#### Records excerpted from a collection:
··········

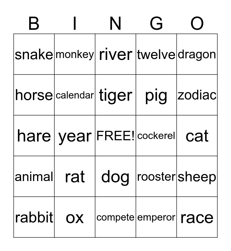 This bingo card has a free space and 24 words: rat, ox, tiger, rabbit, dragon, snake, horse, monkey, cockerel, dog, pig, hare, rooster, sheep, calendar, emperor, cat, river, zodiac, year, race, animal, twelve and compete.
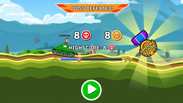 除此之外,在《HillsofSteel》游戏里,玩家要借助界面中的左右按钮来操控坦克前后移动,通过上下按钮控制坦克的发射方向。驾驶好坦克,与对手展开正面交锋。利用场地高低起伏的特点,在躲避敌方攻击的同时,精准射击敌人并将其歼灭,从而赢得金币奖励,用以对战车进行升级。不仅如此,玩家还能够解锁穿甲坦克、导弹坦克以及光能坦克等各类强大的坦克,还有更多的地形图。进而挑战更高难度的关卡与强劲的boss,感受全新且有趣的战斗乐趣!
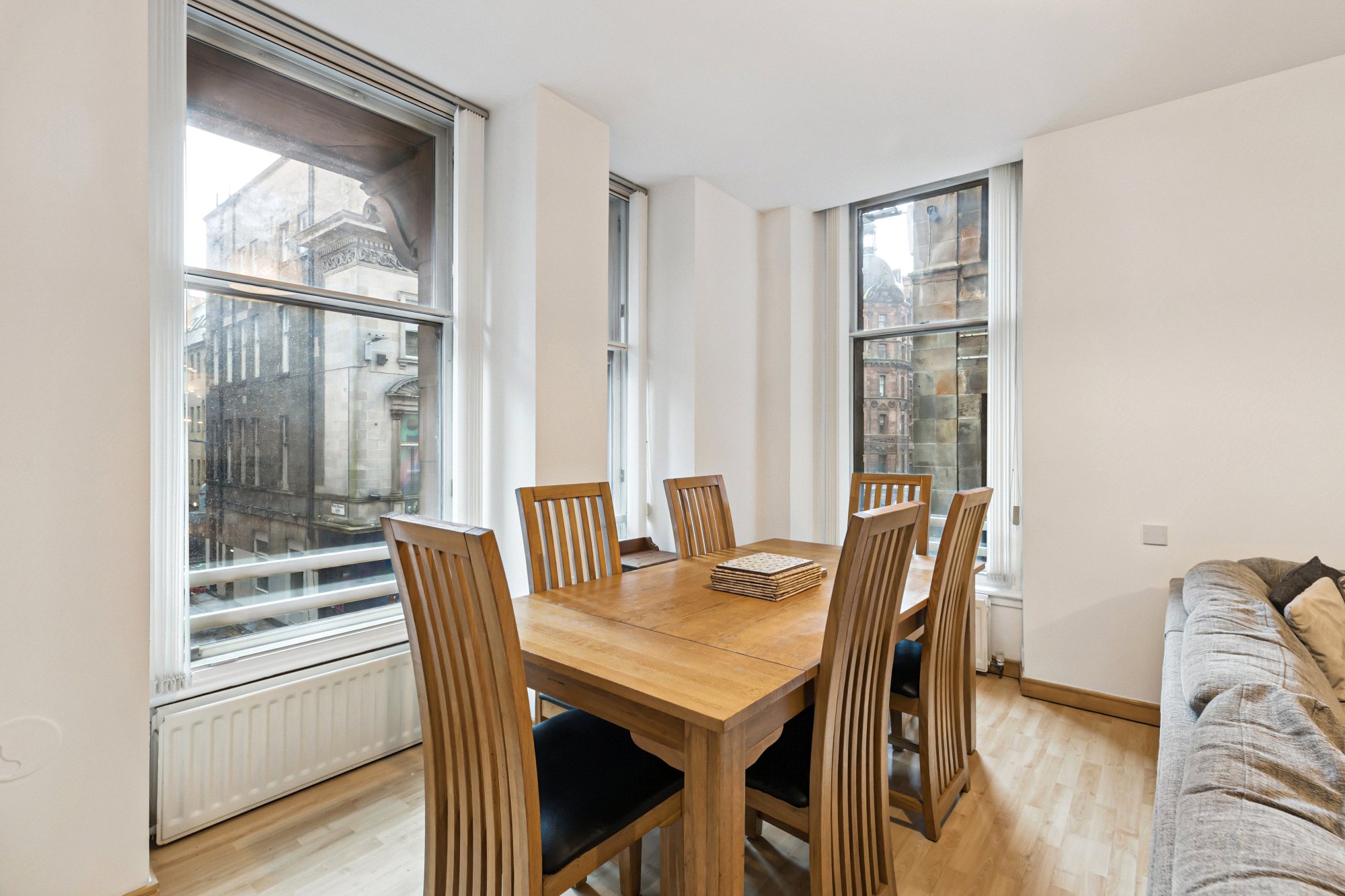 The apartment is situated in the heart of the City Centre where there is an excellent selection of shops nearby on Buchannan Street and Argyle Street together with a wonderful choice of restaurants and bars. Transport links are on the doorstep via bus and by rail from both Glasgow Central and Glasgow Queen Street Station and Glasgow’s International Financial Services District within a few minutes’ walk. The property is also well placed for road links including the M8 motorway network.
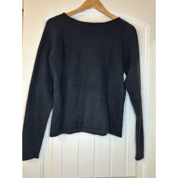 Hillard & Hanson Black Angora Wool Blend Knit Sweater Beaded Sequin Floral SZ L
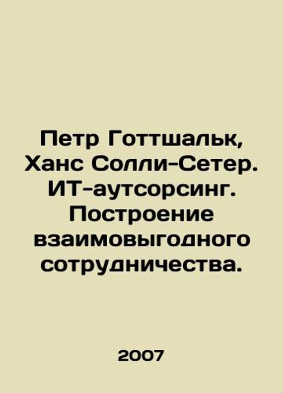 Peter Gottschalk, Hans Solly-Seter. IT outsourcing. Building mutually beneficial cooperation. In Russian /Petr Gottshalk, Khans Solli-Seter. IT-autsorsing. Postroenie vzaimovygodnogo sotrudnichestva. M Alpina Business Book. 2007 394 pp. We have thousands of titles and often several copies of each title may be available. Please feel free to contact us for a detailed description of the copies available. SKUalbc3a8d7230efacbc1.
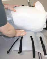 Über das vorhandene Gipsmodell wird nun das Streifyflex gearbeitet, sodass es frontal um ca. 10 cm überlappt. Für kleinere Korsette wird 4 mm Materialstärke verwendet, die bei Bedarf auch noch etwas ausgezogen werden kann. Größere Korsette werden mit 5 mm Streifyflex gefertigt. Für die erste Anprobe wird das Inlett vom Modell abgenommen und so zugeschnitten, dass eine Hüftbeugung von mindestens 90° möglich ist. Unter den Armen sollte maximal ein Finger Platz sein. Die PEG-Öffnung wird angezeichnet und bei Bedarf ausgeschnitten. Nach der Anprobe wird auf dem Modell das Inlett durch einen Microkork-Dummy ersetzt, über den ein PVA-Folienschlauch gezogen und abgesaugt wird.
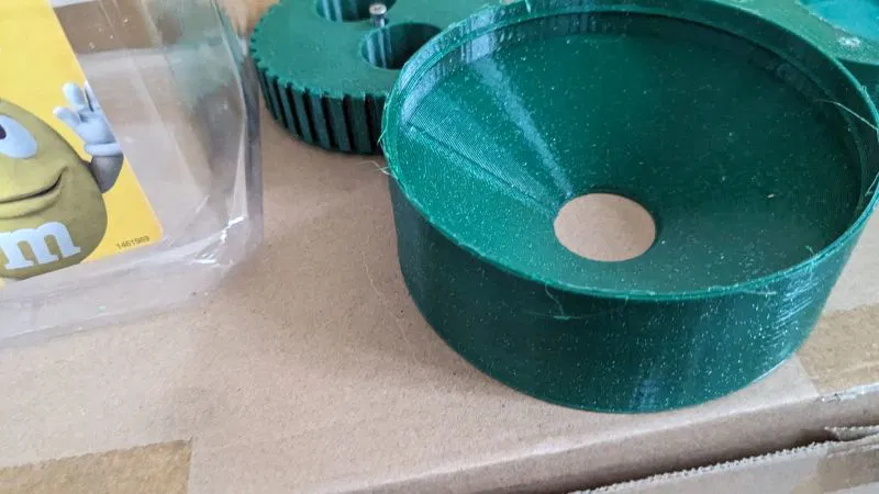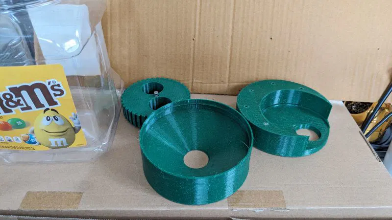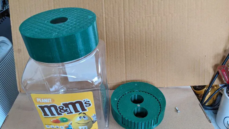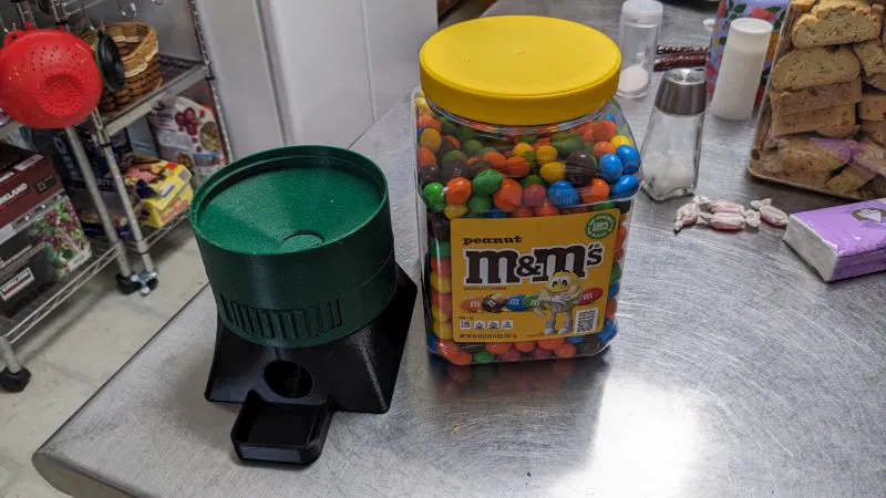 Máy rót kẹo M&M vặn trực tiếp vào hộp kẹo 62oz. Thiết kế với hai loại nắp vặn, một cho kẹo M&M đậu phộng với lỗ bầu dục lớn hơn, cho ra 2-4 viên mỗi lần. Có thể hơi kẹt khi lấy kẹo đậu phộng, cần dùng lực hoặc nghiêng nhẹ. Lắp ráp từ trên xuống, dùng vít M3. In không cần supports, khuyến nghị thông số in.
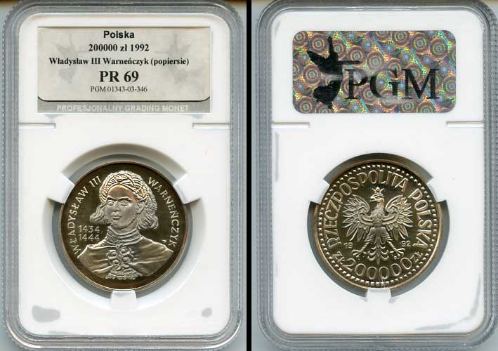 Польша 200000 злотых 1992 серия польские короли, Владислав III (1434-1444), в слабе PGM PR 69 KM 254 серебро PROOF 15-008-18
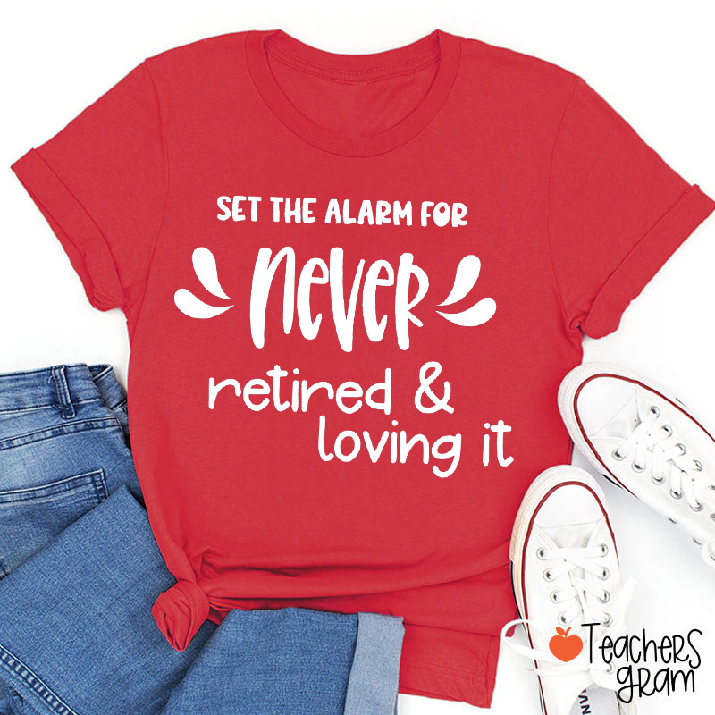Set The Alarm For Never Retired And Loving It Teacher T-Shirt
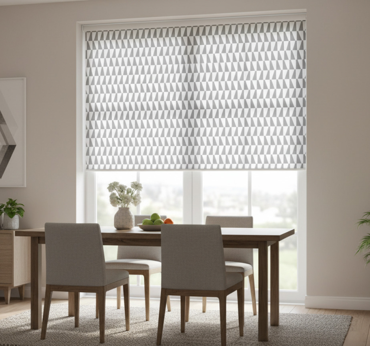 The Dining room roller blind in gray triangles dining room roller blind is more than just a functional window covering; it's a statement piece that enhances your decor. The modern design complements various interior styles, bringing a touch of sophistication to your dining room. By choosing this roller blind, you create a warm and inviting atmosphere for family gatherings and entertaining guests, all while enjoying the benefits of privacy and light control!

··········

#### YOUR GOAL:
Copy the records exactly. Skip any pictures.

#### REPLY:
 This bingo card has a free space and 24 words: rat, ox, tiger, rabbit, dragon, snake, horse, monkey, cockerel, dog, pig, hare, rooster, sheep, calendar, emperor, cat, river, zodiac, year, race, animal, twelve and compete.
 除此之外,在《HillsofSteel》游戏里,玩家要借助界面中的左右按钮来操控坦克前后移动,通过上下按钮控制坦克的发射方向。驾驶好坦克,与对手展开正面交锋。利用场地高低起伏的特点,在躲避敌方攻击的同时,精准射击敌人并将其歼灭,从而赢得金币奖励,用以对战车进行升级。不仅如此,玩家还能够解锁穿甲坦克、导弹坦克以及光能坦克等各类强大的坦克,还有更多的地形图。进而挑战更高难度的关卡与强劲的boss,感受全新且有趣的战斗乐趣!
 The apartment is situated in the heart of the City Centre where there is an excellent selection of shops nearby on Buchannan Street and Argyle Street together with a wonderful choice of restaurants and bars. Transport links are on the doorstep via bus and by rail from both Glasgow Central and Glasgow Queen Street Station and Glasgow’s International Financial Services District within a few minutes’ walk. The property is also well placed for road links including the M8 motorway network.
 Hillard & Hanson Black Angora Wool Blend Knit Sweater Beaded Sequin Floral SZ L
 Peter Gottschalk, Hans Solly-Seter. IT outsourcing. Building mutually beneficial cooperation. In Russian /Petr Gottshalk, Khans Solli-Seter. IT-autsorsing. Postroenie vzaimovygodnogo sotrudnichestva. M Alpina Business Book. 2007 394 pp. We have thousands of titles and often several copies of each title may be available. Please feel free to contact us for a detailed description of the copies available. SKUalbc3a8d7230efacbc1.
 Über das vorhandene Gipsmodell wird nun das Streifyflex gearbeitet, sodass es frontal um ca. 10 cm überlappt. Für kleinere Korsette wird 4 mm Materialstärke verwendet, die bei Bedarf auch noch etwas ausgezogen werden kann. Größere Korsette werden mit 5 mm Streifyflex gefertigt. Für die erste Anprobe wird das Inlett vom Modell abgenommen und so zugeschnitten, dass eine Hüftbeugung von mindestens 90° möglich ist. Unter den Armen sollte maximal ein Finger Platz sein. Die PEG-Öffnung wird angezeichnet und bei Bedarf ausgeschnitten. Nach der Anprobe wird auf dem Modell das Inlett durch einen Microkork-Dummy ersetzt, über den ein PVA-Folienschlauch gezogen und abgesaugt wird.
 Máy rót kẹo M&M vặn trực tiếp vào hộp kẹo 62oz. Thiết kế với hai loại nắp vặn, một cho kẹo M&M đậu phộng với lỗ bầu dục lớn hơn, cho ra 2-4 viên mỗi lần. Có thể hơi kẹt khi lấy kẹo đậu phộng, cần dùng lực hoặc nghiêng nhẹ. Lắp ráp từ trên xuống, dùng vít M3. In không cần supports, khuyến nghị thông số in.
 Польша 200000 злотых 1992 серия польские короли, Владислав III (1434-1444), в слабе PGM PR 69 KM 254 серебро PROOF 15-008-18
Set The Alarm For Never Retired And Loving It Teacher T-Shirt
 The Dining room roller blind in gray triangles dining room roller blind is more than just a functional window covering; it's a statement piece that enhances your decor. The modern design complements various interior styles, bringing a touch of sophistication to your dining room. By choosing this roller blind, you create a warm and inviting atmosphere for family gatherings and entertaining guests, all while enjoying the benefits of privacy and light control!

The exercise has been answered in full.